▶ YOUR INSTRUCTIONS
In the listing below, find the line holding "采用国内一线品牌潍柴、玉柴、" and the line holding "Pick the style". Write out those two lines and all lines between, exactly, and nothing more.

▶ RECORD EXCERPTS

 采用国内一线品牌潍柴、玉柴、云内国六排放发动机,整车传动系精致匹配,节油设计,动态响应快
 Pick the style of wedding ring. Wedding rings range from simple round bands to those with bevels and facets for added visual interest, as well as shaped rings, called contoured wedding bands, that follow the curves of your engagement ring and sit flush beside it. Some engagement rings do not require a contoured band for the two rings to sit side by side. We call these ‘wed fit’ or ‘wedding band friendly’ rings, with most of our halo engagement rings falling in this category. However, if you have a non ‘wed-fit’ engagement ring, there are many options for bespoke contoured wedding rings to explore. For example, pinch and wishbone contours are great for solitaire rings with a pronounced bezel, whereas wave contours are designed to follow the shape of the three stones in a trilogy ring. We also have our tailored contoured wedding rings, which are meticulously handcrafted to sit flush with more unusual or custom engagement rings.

--

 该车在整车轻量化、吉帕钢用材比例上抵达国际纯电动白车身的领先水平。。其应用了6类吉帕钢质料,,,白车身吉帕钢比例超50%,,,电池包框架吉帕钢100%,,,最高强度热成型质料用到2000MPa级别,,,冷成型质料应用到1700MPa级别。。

* * *

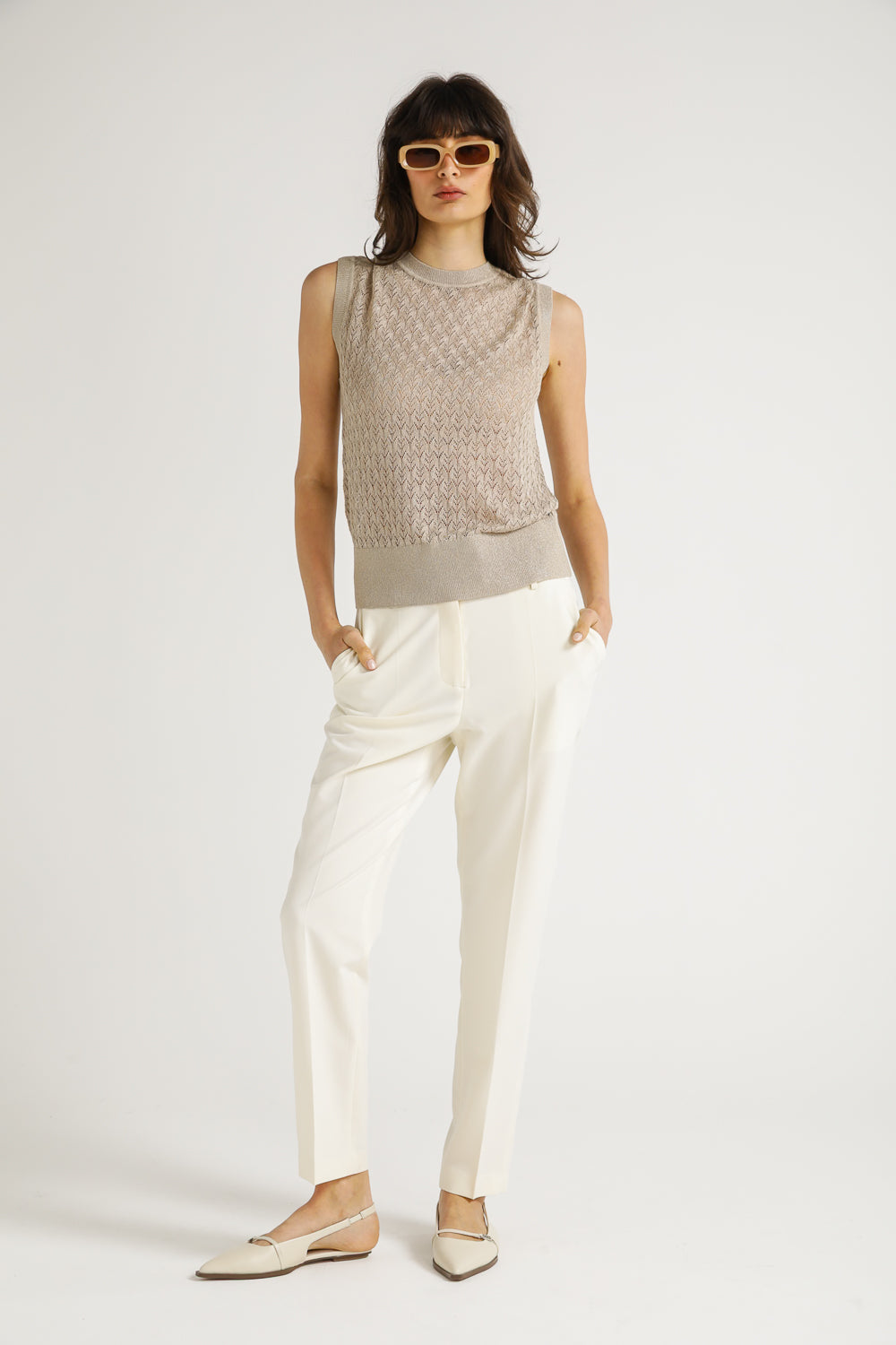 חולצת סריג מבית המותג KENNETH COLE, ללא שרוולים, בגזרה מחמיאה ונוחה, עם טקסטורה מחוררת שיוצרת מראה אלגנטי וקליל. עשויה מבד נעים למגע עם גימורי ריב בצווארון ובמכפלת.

▶ RESPONSE TO THE EXERCISE
 采用国内一线品牌潍柴、玉柴、云内国六排放发动机,整车传动系精致匹配,节油设计,动态响应快
 Pick the style of wedding ring. Wedding rings range from simple round bands to those with bevels and facets for added visual interest, as well as shaped rings, called contoured wedding bands, that follow the curves of your engagement ring and sit flush beside it. Some engagement rings do not require a contoured band for the two rings to sit side by side. We call these ‘wed fit’ or ‘wedding band friendly’ rings, with most of our halo engagement rings falling in this category. However, if you have a non ‘wed-fit’ engagement ring, there are many options for bespoke contoured wedding rings to explore. For example, pinch and wishbone contours are great for solitaire rings with a pronounced bezel, whereas wave contours are designed to follow the shape of the three stones in a trilogy ring. We also have our tailored contoured wedding rings, which are meticulously handcrafted to sit flush with more unusual or custom engagement rings.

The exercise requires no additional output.